At Saatchi and by email at thelmapott@gmail.com.

“My work is an ongoing investigation about the metaphysics of space, about the spatial phenomenon in painting. I’m interested in the conventions, materials, public and private roles of painting, as well as whether perception enables or confuses our understanding of the world.

My artistic practice addresses the following questions:

How can we explore spaces that function in non-hegemonic conditions and that are simultaneously physical and mental in painting?

How can abstraction open up a mental field all of its own by reorganizing visual and psychological experience?

How can a type of painting offer an immersive experience to the viewer?

What does pictorial spatiality consist of?

What is the pictorial space expressing?

It is known that the spatial relations in humans develop on two levels: the sensorimotor (perceptual) level that gives us the “sense” of space and the representational (intellectual) level that gives us the “idea” of space. The first is a product of haptic development and the latter is a development of symbolic activity through speech and image. Abstraction opens up a mental field all of its own. In this sense, my painting is a continuous investigation into abstraction’s power to reorganize visual and psychological experience.

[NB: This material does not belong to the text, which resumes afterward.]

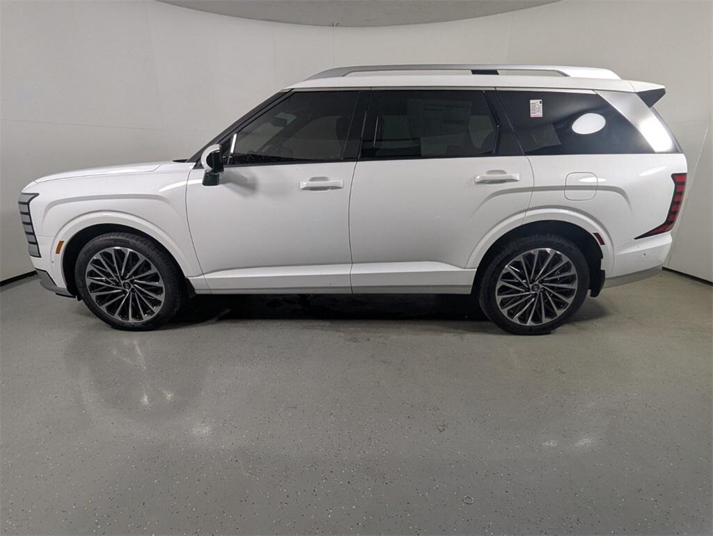 Features: Option Group 01, Palisade Calligraphy, 4D Sport Utility, V6, 8-Speed Automatic, FWD, Creamy White Pearl, Black Leather, 14 Speakers, 3rd row seats: split-bench, 4-Wheel Disc Brakes, ABS brakes, Air Conditioning, Alloy wheels, AM/FM radio: SiriusXM, Apple CarPlay & Android Auto, Audio memory, Auto High-beam Headlights, Auto-dimming door mirrors, Auto-dimming Rear-View mirror, Auto-leveling suspension, Automatic temperature control, Brake assist, Bumpers: body-color, Cargo Net, Cargo Tray, Carpeted Floor Mats, Compass, Delay-off headlights, Driver door bin, Driver vanity mirror, Dual front impact airbags, Dual front side impact airbags, Electronic Stability Control, Emergency communication system: Bluelink+, Exterior Parking Camera Rear, First Aid Kit, Four wheel independent suspension, Front anti-roll bar, Front Bucket Seats, Front Center Armrest, Front dual zone A/C, Front reading lights, Fully automatic headlights, Garage door transmitter: HomeLink, Genuine wood console insert, Genuine wood dashboard insert, Heads-Up Display, Heated & Ventilated Front Bucket Seats, Heated door mirrors, Heated front seats, Heated rear seats, Heated steering wheel, HVAC memory, Illuminated entry, Knee airbag, Leather steering wheel, Low tire pressure warning, Memory seat, Mud Guards, Navigation System, Occupant sensing airbag, Outside temperature display, Overhead airbag, Overhead console, Panic alarm, Passenger door bin, Passenger vanity mirror, Power door mirrors, Power driver seat, Power Liftgate, Power moonroof, Power passenger seat, Power steering, Power windows, Premium Nappa Leather Seat Trim, Radio data system, Radio: Infotainment Navigation System, Rain sensing wipers, Rear air conditioning, Rear anti-roll bar, Rear audio controls, Rear reading lights, Rear side impact airbag, Rear window defroster, Rear window wiper, Reclining 3rd row seat, Remote keyless entry, Security system, Speed control, Split folding rear seat, Spoiler, Steering wheel mounted audio controls, Tachometer, Telescoping steering wheel, Tilt steering wheel, Traction control, Trip computer, Turn signal indicator mirrors, Variably intermittent wipers, Ventilated front seats, Ventilated rear seats, and Wheels: 21" x 8.5J Alloy.

My intention is to create a body of artworks offering new opportunities of experiencing the metaphysics of space by stimulating the viewer’s intuitive sense of interior and exterior space(s). I’m interested in the potential of this fundamental association between the image and the imagination, the invisible contemplated within the visible – that is claimed to underpin
a contemporary understanding of the nature of images. The gaze between viewer and image can be conceptualized phenomenologically within the unresolved circularity of the exchange between image and viewer; the image opens up a portal, an abstract space, that offers an invitation to meditation on other spaces”.